───── Collected data ─────

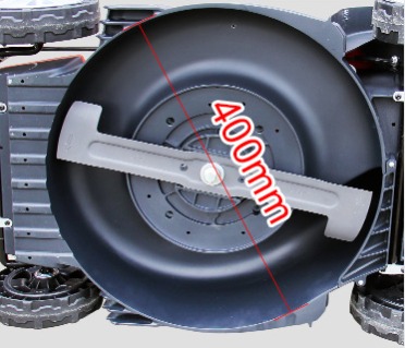 | | 06Méid an deicCumas gearrtha 16 orlach (400mm): Gearr níos mó féir i níos lú ama. |
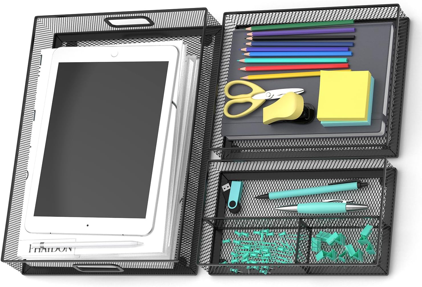 - Metal Construction: Made from high-quality metal, all the 3 desk drawer organizers are built to last. Comes with 4 cushion sponge pads on each bottom to keep it antiskid and stable.
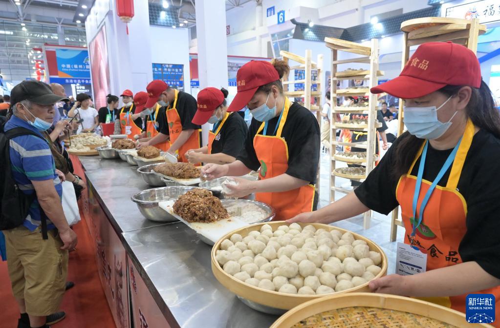 2日、博覧会の会場で「福州魚丸(つみれ)」を作るスタッフ。(福州=新華社記者/林善伝)pagebreak
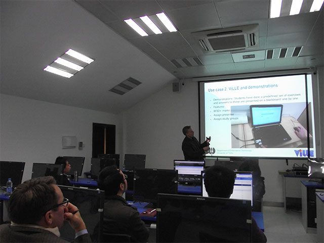 Laakso博士是开发ViLLE系统的项目负责人。在芬兰、澳大利亚、南非和德国等国家部分高校使用该系统。ViLLE课程学习平台为教师方便地创建虚拟课程,课程材料可以为其他老师所使用、修改和评阅。更大的优势是,当学生利用ViLLE系统进行学习或练习时,系统自动收集学生学习行为和结果的有关数据信息,并自动评阅学生作业。由于系统的这些性能,可为研究学生学习提供大量的定性和定量的数据。

─────

## What the task requires:
None of the pictures should appear; copy the rest of the material above exactly.

## Answer for the task:
 | | 06Méid an deicCumas gearrtha 16 orlach (400mm): Gearr níos mó féir i níos lú ama. |
 - Metal Construction: Made from high-quality metal, all the 3 desk drawer organizers are built to last. Comes with 4 cushion sponge pads on each bottom to keep it antiskid and stable.
 2日、博覧会の会場で「福州魚丸(つみれ)」を作るスタッフ。(福州=新華社記者/林善伝)pagebreak
 Laakso博士是开发ViLLE系统的项目负责人。在芬兰、澳大利亚、南非和德国等国家部分高校使用该系统。ViLLE课程学习平台为教师方便地创建虚拟课程,课程材料可以为其他老师所使用、修改和评阅。更大的优势是,当学生利用ViLLE系统进行学习或练习时,系统自动收集学生学习行为和结果的有关数据信息,并自动评阅学生作业。由于系统的这些性能,可为研究学生学习提供大量的定性和定量的数据。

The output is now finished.